A Cohort appears to refer to the year the data represents, and the Demographic appears to refer to a specific demographic group.
In this case, we want to pick data from the most recent Cohort available, which is 2006.
We also want data from the full cohort, so we'll only pick rows where Demographic is Total Cohort.
# Selecting and reassigning to the latest cohort
data["graduation"] = data["graduation"][data["graduation"]["Cohort"] == "2006"]

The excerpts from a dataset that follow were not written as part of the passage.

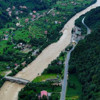 Sel sonrası bölge havadan görüntülenirken, derenin taşkınla birlikte çamurla kaplandığı görüldü.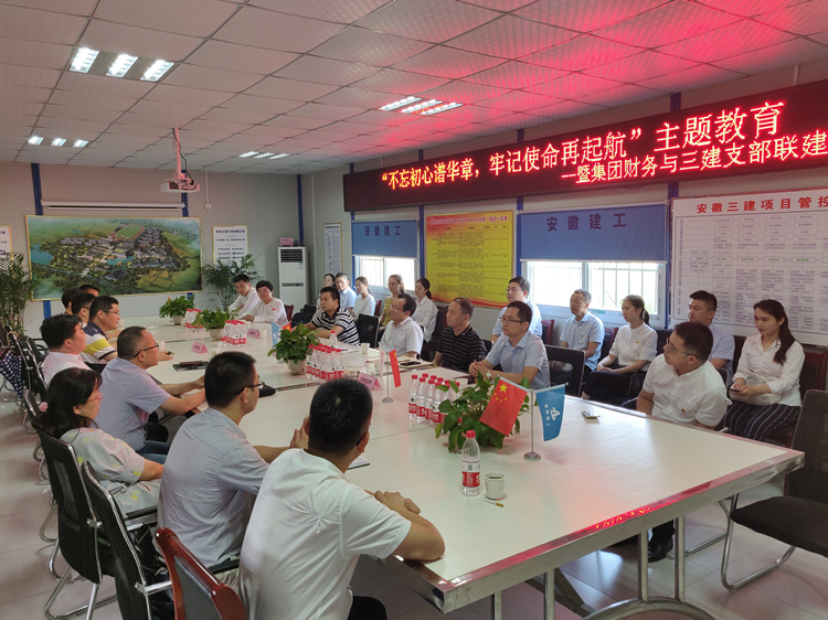 為貫徹落實(shí)習(xí)近平新時(shí)代中國(guó)特色社會(huì)主義思想,扎實(shí)開(kāi)展好“不忘初心、牢記使命”主題教育,2019年8月9日下午兩點(diǎn),安徽三建公司與安建財(cái)務(wù)公司聯(lián)合在安徽三建黃麓師范學(xué)校項(xiàng)目部舉辦了“不忘初心譜華章,牢記使命再起航”主題黨日活動(dòng)。安建財(cái)務(wù)兩個(gè)支部,三建機(jī)關(guān)兩個(gè)支部、八公司黃麓示范項(xiàng)目黨支部部分黨員共60余人參加了競(jìng)賽活動(dòng)。正在該項(xiàng)目調(diào)研的建工控股副總經(jīng)理李有貴,以及參加調(diào)研的安建財(cái)務(wù)總經(jīng)理于忠山、安徽三建總經(jīng)理何洪春、副總經(jīng)理張斌、財(cái)務(wù)總監(jiān)陸春濤等參與了黨日活動(dòng)。李有貴高度評(píng)價(jià)本次聯(lián)建活動(dòng)。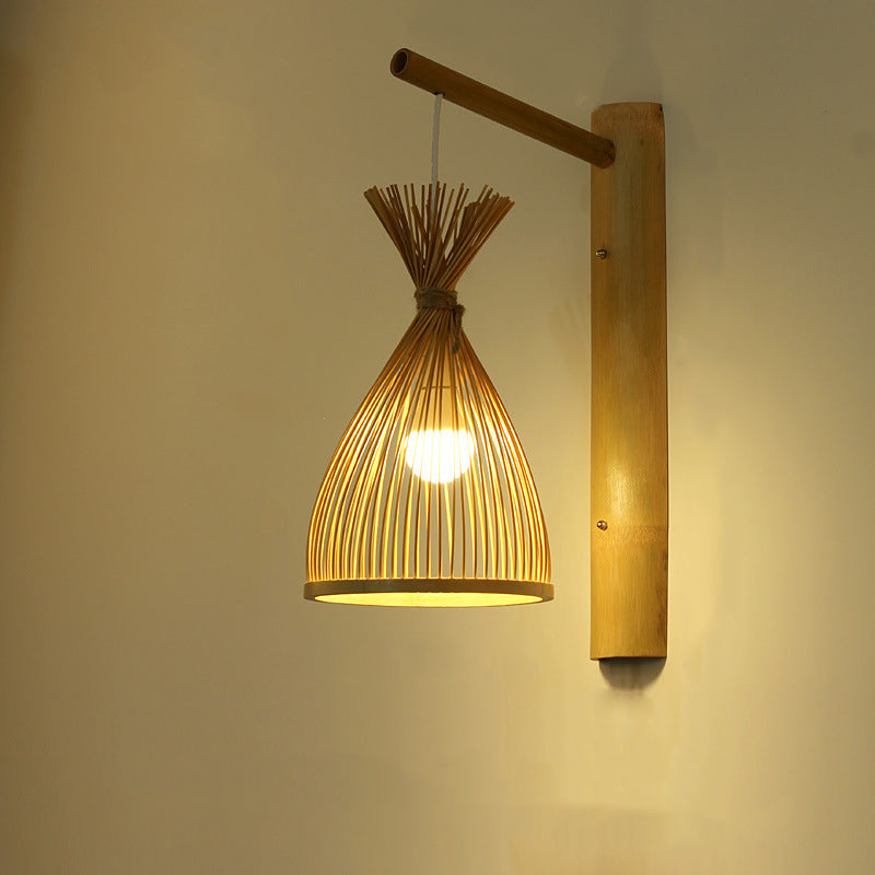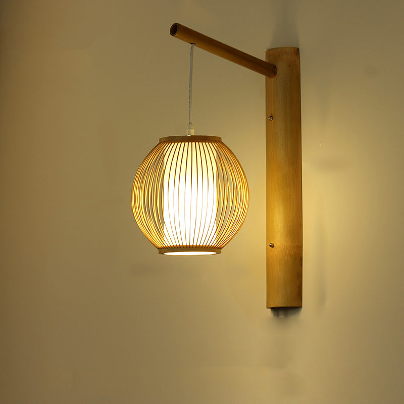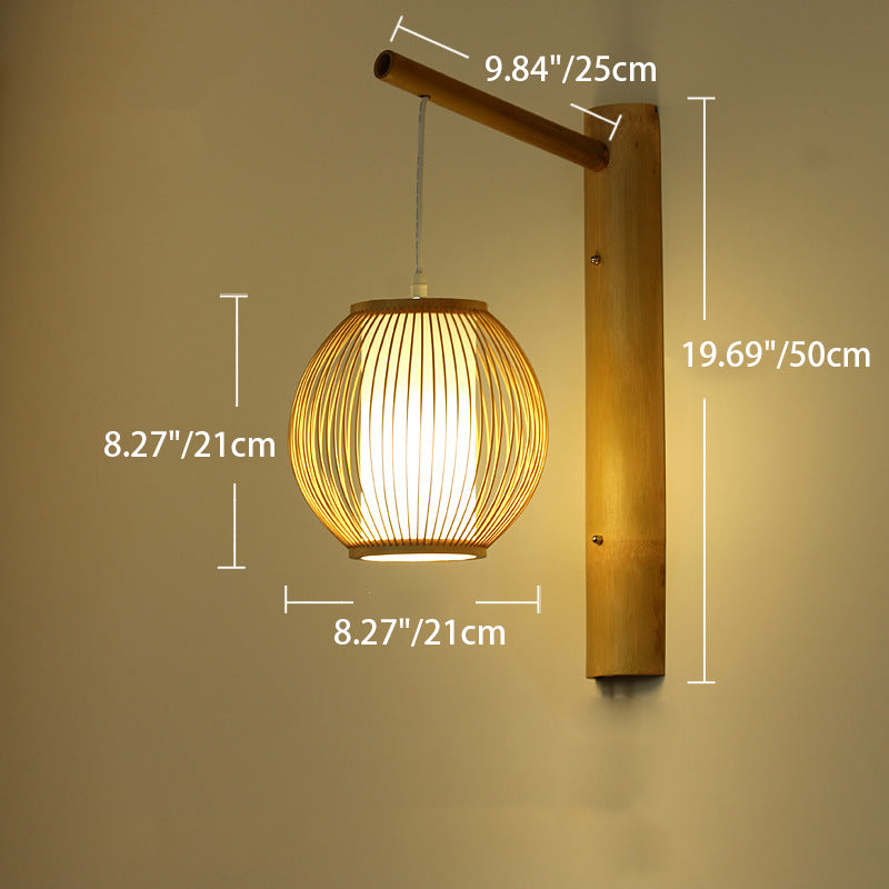 Traditional Chinese Lantern Braid Skeleton Bamboo Wood 1-Light Wall Sconce Lamp For Living Room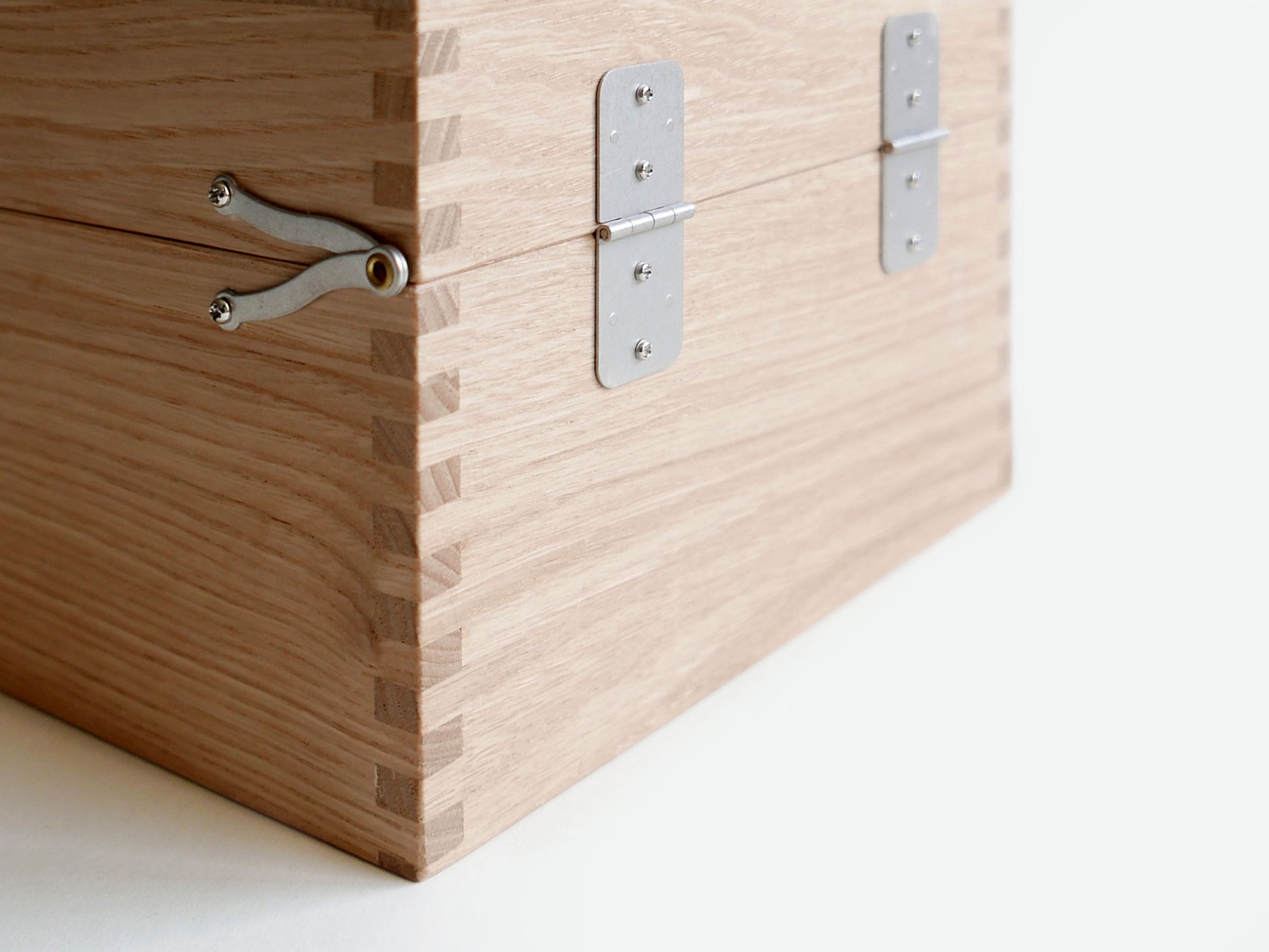 Inside you will find a removable divider. The box stays closed thanks to some discrete magnets. 176x116x124. Made of Chestnut.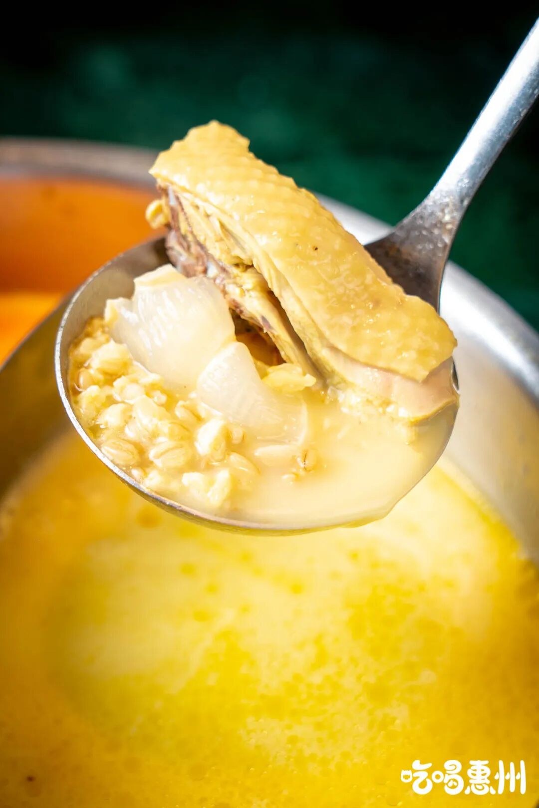 一半是加入泰式香料包,倒入一整个新鲜剥开椰子的汁,一半是放入花胶、燕麦和鸡肉。冬阴功的酸辣味和花胶鸡的滋补甜味在舌尖上碰撞出不一样的新奇感。

# Selecting and reassigning to the data of total cohort
data["graduation"] = data["graduation"][data["graduation"]["Demographic"] == "Total Cohort"]
data["graduation"].head()
Demographic | DBN | School Name | Cohort | Total Cohort | Total Grads - n | Total Grads - % of cohort | Total Regents - n | Total Regents - % of cohort | Total Regents - % of grads | ... | Regents w/o Advanced - n | Regents w/o Advanced - % of cohort | Regents w/o Advanced - % of grads | Local - n | Local - % of cohort | Local - % of grads | Still Enrolled - n | Still Enrolled - % of cohort | Dropped Out - n | Dropped Out - % of cohort | |
---|---|---|---|---|---|---|---|---|---|---|---|---|---|---|---|---|---|---|---|---|---|
3 | Total Cohort | 01M292 | HENRY STREET SCHOOL FOR INTERNATIONAL | 2006 | 78 | 43 | 55.1% | 36 | 46.2% | 83.7% | ... | 36 | 46.2% | 83.7% | 7 | 9% | 16.3% | 16 | 20.5% | 11 | 14.1% |
10 | Total Cohort | 01M448 | UNIVERSITY NEIGHBORHOOD HIGH SCHOOL | 2006 | 124 | 53 | 42.7% | 42 | 33.9% | 79.2% | ... | 34 | 27.4% | 64.2% | 11 | 8.9% | 20.8% | 46 | 37.1% | 20 | 16.100000000000001% |
17 | Total Cohort | 01M450 | EAST SIDE COMMUNITY SCHOOL | 2006 | 90 | 70 | 77.8% | 67 | 74.400000000000006% | 95.7% | ... | 67 | 74.400000000000006% | 95.7% | 3 | 3.3% | 4.3% | 15 | 16.7% | 5 | 5.6% |
24 | Total Cohort | 01M509 | MARTA VALLE HIGH SCHOOL | 2006 | 84 | 47 | 56% | 40 | 47.6% | 85.1% | ... | 23 | 27.4% | 48.9% | 7 | 8.300000000000001% | 14.9% | 25 | 29.8% | 5 | 6% |
31 | Total Cohort | 01M515 | LOWER EAST SIDE PREPARATORY HIGH SCHO | 2006 | 193 | 105 | 54.4% | 91 | 47.2% | 86.7% | ... | 22 | 11.4% | 21% | 14 | 7.3% | 13.3% | 53 | 27.5% | 35 | 18.100000000000001% |
5 rows × 23 columns
We're almost ready to combine all of the data sets. The only remaining thing to do is convert the Advanced Placement (AP) test scores from strings to numeric values.
data["ap_2010"].head()
DBN | SchoolName | AP Test Takers | Total Exams Taken | Number of Exams with scores 3 4 or 5 | |
---|---|---|---|---|---|
0 | 01M448 | UNIVERSITY NEIGHBORHOOD H.S. | 39 | 49 | 10 |
1 | 01M450 | EAST SIDE COMMUNITY HS | 19 | 21 | s |
2 | 01M515 | LOWER EASTSIDE PREP | 24 | 26 | 24 |
3 | 01M539 | NEW EXPLORATIONS SCI,TECH,MATH | 255 | 377 | 191 |
4 | 02M296 | High School of Hospitality Management | s | s | s |
There are three columns we'll need to convert:
cols = ['AP Test Takers ', 'Total Exams Taken', 'Number of Exams with scores 3 4 or 5']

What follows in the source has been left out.